Receiving the news that I had won a bursary with the SWLA, I was so incredibly over the moon. The news was especially welcome having had to turn down a place on the seabird drawing course the previous year because I could simply not afford to go. Receiving a bursary was fuel to keep me focused and I was so ready to fully embrace it.
I am not new to drawing birds but I am very much someone who has put my artistic career on the backburner to make room for other focuses. My recent years have been spent working within nature conservation in warden roles at some pretty special reserves around the UK. I have been privileged to have had close encounters with many breeding birds and would take the opportunity where I could to make sketches in the field between periods of intense monitoring.
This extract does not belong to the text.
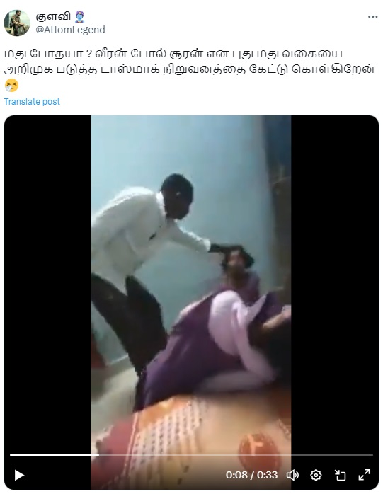 “மது போதையா ? வீரன் போல் சூரன் என புது மது வகையை அறிமுக படுத்த டாஸ்மாக் நிறுவனத்தை கேட்டு கொள்கிறேன்” என்று இந்த வீடியோ பரவி வருகிறது.

But I had gotten rusty and felt that I was not yet where I wanted to be in my artistic career. I wasn’t new to the concept of drawing moving subjects or working in the elements and I was ready to get stuck into a focused week of drawing. I was perhaps more than a little naïve in thinking that it would be easy…
This week has pulled me in every direction a person can be pulled! At times, I felt as brittle as the charcoal I was holding in my hand! To have eyes cast over your progress each day was originally a daunting prospect but it was incredibly motivating to have people notice things in your work that you have missed and will you to try new things to lift your work. There were overwhelming moments amongst all the mini revelations where it felt like I had forgotten how to draw! I think to be fully committed to this week you have to be someone who is okay with baring your soul and I definitely did that! I came here to push myself as an artist and I think in order to fully embrace something as unique as this, there is an element of stripping everything back and forgetting momentarily what you already know.
Similarly, I have become very used to being by myself when I am sketching. Coming into a group of other working artists suddenly felt like a lot of pressure. At first it took all my focus not to compare my work to others’. As the week moved forward, this feeling fell away. Being surrounded by other artists working was exciting. Watching other ways of working taught me so much about myself and the way I work.
Watching the way others choose their palette, hold their brush or push their pencil around the paper. We were all sitting within the same landscape observing the same subjects but the marks on our pages were often unrecognisably different. It was so refreshing to me.
The tutors were incredible all week. The investment they gave to each person in turn was inspiring. To see their happiness as people made realisations and revelations in their work throughout the week was in itself a motivation to keep growing. The guidance given by working artists was so invaluable and isn’t something I have ever been lucky enough to get before now.
Coming away from this week I have learnt to embrace the struggles of drawing in the field. To be able to step back and change something about how you are working is an important thing to remember when things aren’t going right. I have learnt to be unafraid of using different mediums to express texture, energy or light. I have always loved the simplicity of line and can get too focussed on continuity but adding something different or changing the way you use your tools can introduce something unexpected. The thing that gives me the biggest smile is the connections I have made from being around other artists working in the field. It has been heartening to be carried along on tough days by the positive words of others.